= Bogwera and bojale =

Tswana rite of passage

Bogwera and bojale are the rites of passage for children of the Tswana people that mark their coming of age. Boys practice bogwera and girls practice bojale, and they were historically the most important rites of passage of the Tswana people. Taking place over several months, bogwera and bojale were required before one's adulthood was recognised.

Bogwera and bojale involve both educational and religious components. Boys and girls are sent to schools specifically dedicated to bogwera and bojale where they are taught about Tswana history, religion, and cosmology, as well as how to act as adults, to behave toward elders and royalty, and to be obedient. They are also taught about their rights in society and about topics relating to sexual intercourse. Instruction takes place through games, puzzles, proverbs, dance, songs, and poems. Bojale may incorporate the use of an open drum that is meant to symbolise a womb and birth canal.

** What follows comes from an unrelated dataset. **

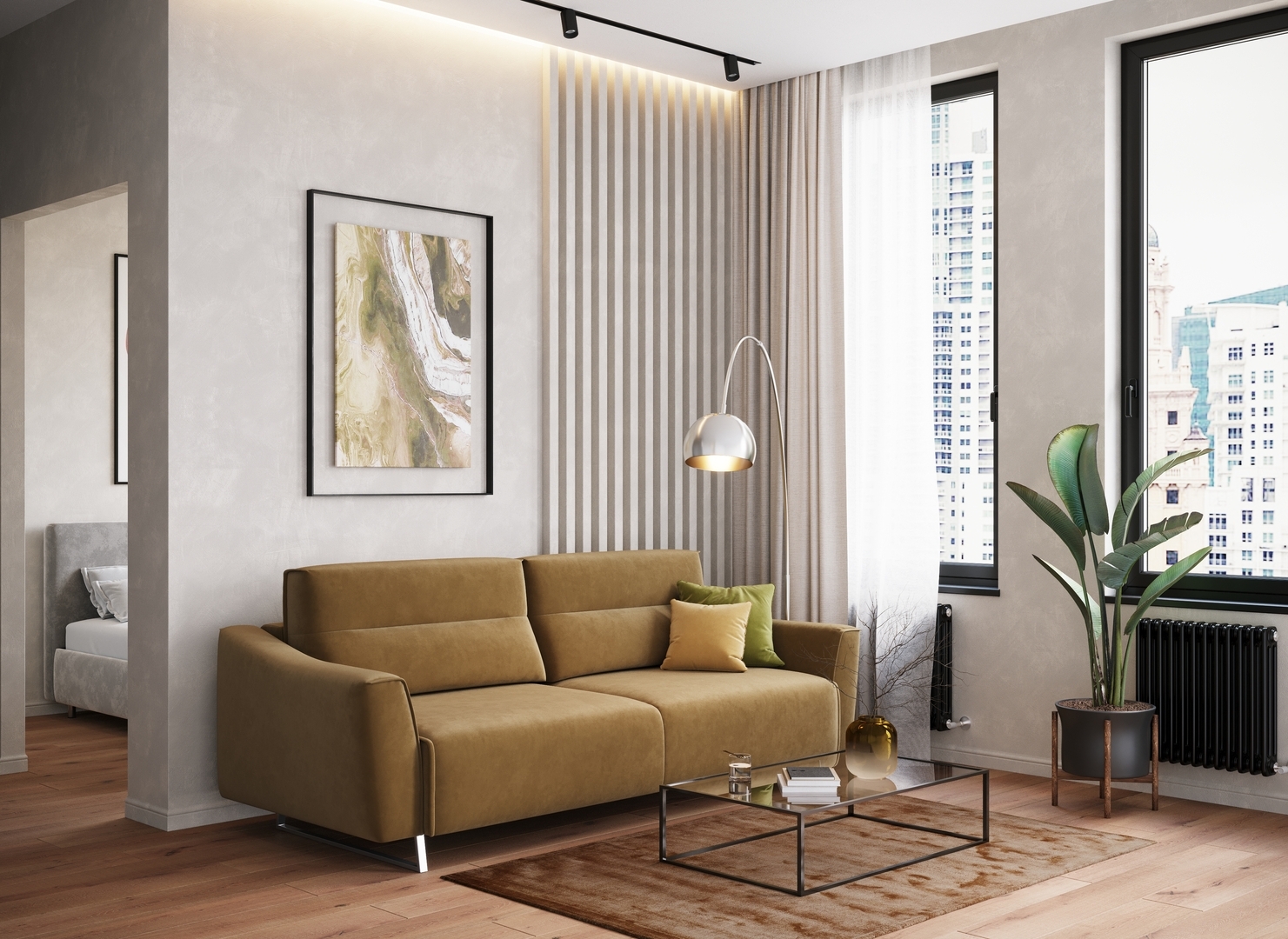 Благодаря высоким трапециевидным опорам под диваном проходит робот-пылесос и легко проводится влажная уборка, что поможет обеспечить чистоту и порядок в доме.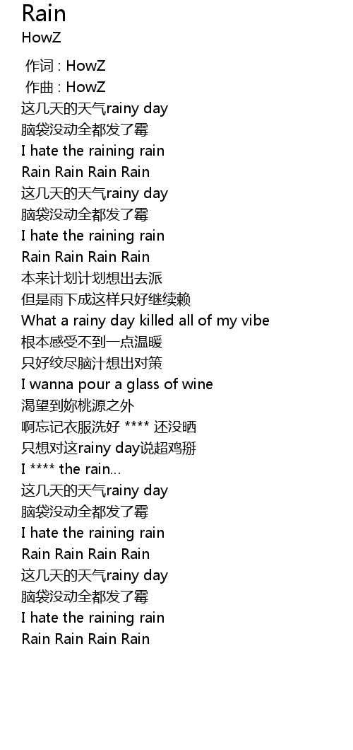 | [01:34.64] | Rain Rain Rain Rain |

Bogwera began with circumcision, but no female genital cutting took place during bojale. Occasional fatalities occurred at this stage. Bogwera included a physical element that bojale did not. Boys were brought out to the wild in the cold to learn herding, hunting, and warfare. Each boy participating in bogwera in the 19th century was also required to write a praise poem about himself, which he would expand throughout his life.

Everyone participating in bogwera or bojale was grouped into an age set called a mophato, and they remained a member of their group for life. Each mophato functioned as a regiment that could be enlisted by the kgosi to participate in construction projects or other public services as well as for military or law enforcement purposes.

European missionaries opposed bogwera and bojale when they arrived in present-day Botswana and worked to ban them, replacing the initiation schools with mission schools. The Anglican Church broke from the London Missionary Society in 1917 when it permitted its adherents in the Bechuanaland Protectorate to resume bogwera, but this only lasted a few years. The Balete people were the only tribe who still practiced bogwera and bojale at the end of the colonial era.